→ **INFORMATION SHOWN**:

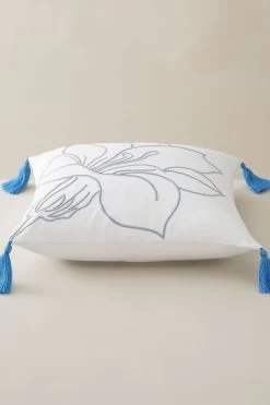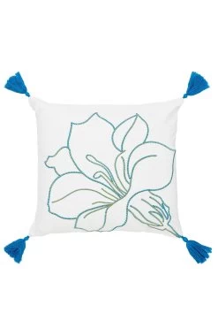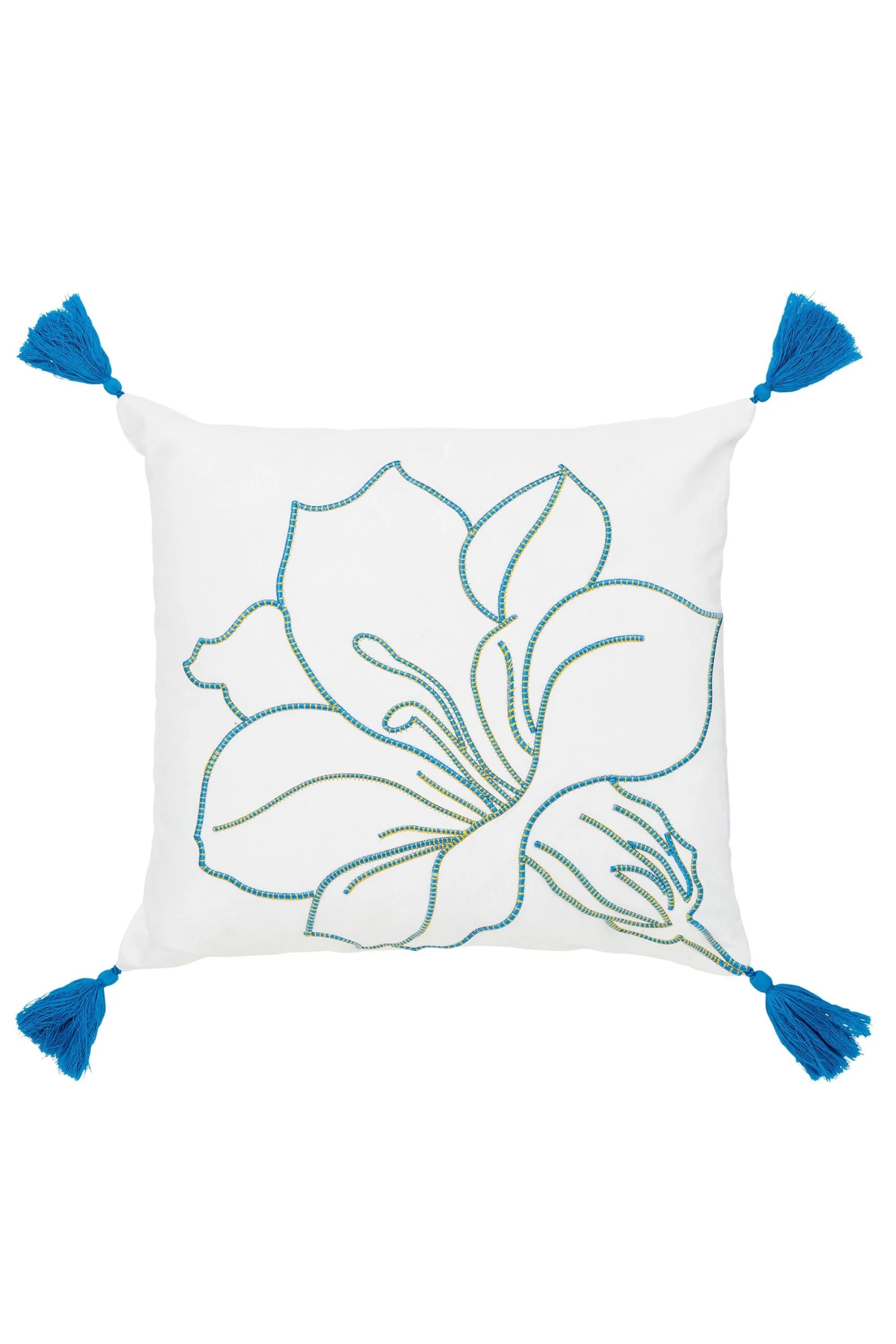 This embroidered floral cushion is accented with hints of yellow, with each corner given a quirky large scale blue tassel.
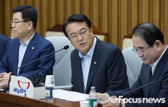 (서울=포커스뉴스) 정진석(가운데) 새누리당 원내대표가 12일 오전 서울 여의도 국회에서 열린 원내대책회의에 참석해 모두발언을 하고 있다.
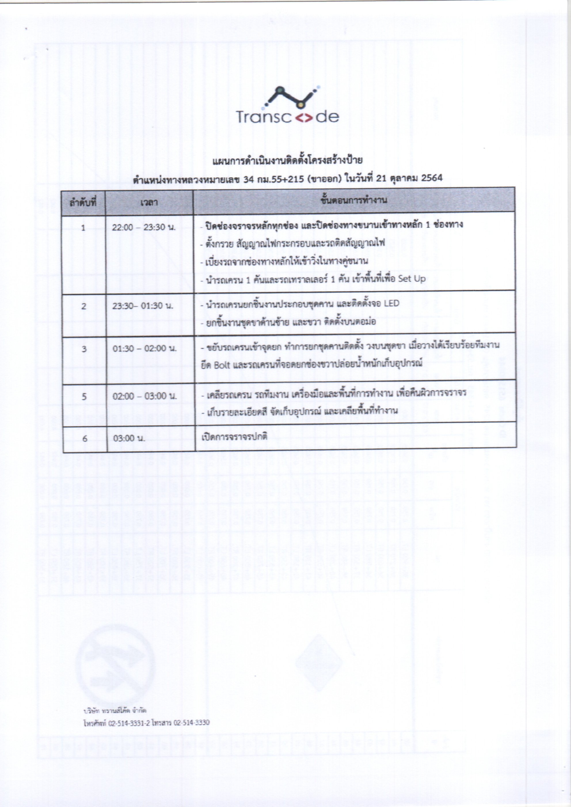 บนทางหลวงหมายเลข 34 กม. 55+215 (ขาออก กทม.) โดยมีรายละเอียดแผนการปฎิบัติงานแนบ
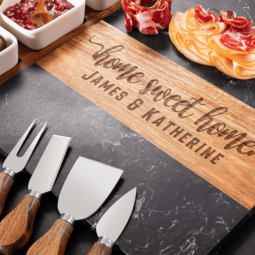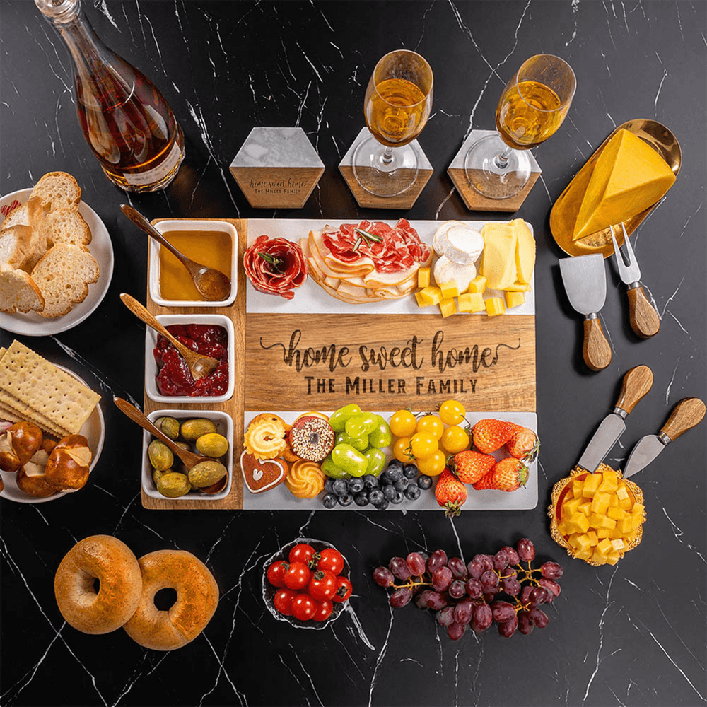 Crafted with premium marble and acacia wood, and featuring the fixed "Home Sweet Home" text, this set also supports personalized name customization. The overall design is unique and exquisite, combining durability with elegance, giving it a distinctive and luxurious feel.

→ **PROBLEM TO SOLVE**:
Everything in the listing is to be returned word for word, except the pictures.

→ **ANSWER BOX**:
 This embroidered floral cushion is accented with hints of yellow, with each corner given a quirky large scale blue tassel.
 (서울=포커스뉴스) 정진석(가운데) 새누리당 원내대표가 12일 오전 서울 여의도 국회에서 열린 원내대책회의에 참석해 모두발언을 하고 있다.
 บนทางหลวงหมายเลข 34 กม. 55+215 (ขาออก กทม.) โดยมีรายละเอียดแผนการปฎิบัติงานแนบ
 Crafted with premium marble and acacia wood, and featuring the fixed "Home Sweet Home" text, this set also supports personalized name customization. The overall design is unique and exquisite, combining durability with elegance, giving it a distinctive and luxurious feel.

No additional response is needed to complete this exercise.